2.2.The Use of Eddy Current Measurements to Assess Tubing Integrity

Current analysis techniques based on EC bobbinprobe measurements have been relatively successful in detecting cracks, but fail almost completely when applied to the characterization of cracks and their effect on tube integrity. For example, EC inspection software is available to linearly mix signals taken at different frequencies.(10) These mixing algorithms can accentuate signals from defects, aiding defect detection, but signal distortions due to mixing make this technique less useful for defect sizing. Since they respond only to an aggregate disruption of electrical current along the circumference of a tube at a given axial position, bobbin coils cannot differentiate multiple defects along the tube circumference. Bobbin probes, therefore, are ineffective for characterizing complex cracking. On the other hand, since bobbin probes respond to the net extent of cracking in a tube, efforts to predict tube burst pressure have been a more promising way to assess tube integrity than through attempts to characterize and size defects. For this reason, the nuclear industry has proposed replacing the crackdepth criterion for removing steam generator tubes from service with one based on EC voltage, arguing that the EC voltage is a better indicator of tube failure.(2,3,8)

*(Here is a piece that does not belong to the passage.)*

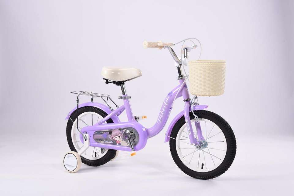 Bicicleta para niños de 16 pulgadas con cuadro de acero, ruedas de entrenamiento y cesta de mimbre para uso en exteriores de 3 a 6 años
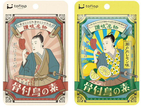 「骨付鳥の素」のパッケージには、香川県ゆかりの発明家・平賀源内を起用。彼が復元した「エレキテル」は、しびれる箱とも呼ばれた装置だ。実はこの「シビれる」が、辛さと旨さがビリッと走る骨付鳥の味わいとリンクしており、トフラップはこの言葉遊びを込めて源内を採用したという。

Eddy current signals from cracks, wastage, and other physical sources have similar, if not identical, frequency responses. Frequency-based signal processing techniques such as Fourier filtering and wavelet transformations are ineffective at winnowing out artifact signals, since their frequency signatures are indistinguishable from those of crack signals. Nevertheless, Fourier filters, wavelet transforms, and independent component analysis are useful for filtering out electronic noise and noise due to probe wobble.(13–16)

EC based expert rules have been used, with some success, to create algorithms for the identification of defects in steam generator and heat exchanger tubing.(13,17,18) Attempts to use expert systems to estimate the depth of steam generator tubing flaws in tube support plate regions based on EC voltages and phase angles have been less successful.(6) Complex defect morphologies limited the accuracy of those algorithms to only 620% of the tube wall thickness. Even ignoring that large uncertainty, the prediction of crack depth alone may not ade-

quately express the tube’s integrity (i.e., its burst pressure). It is not surprising, then, that current EC-based expert rules have resulted in poor decisions about whether to plug suspect steam generator tubes.(19)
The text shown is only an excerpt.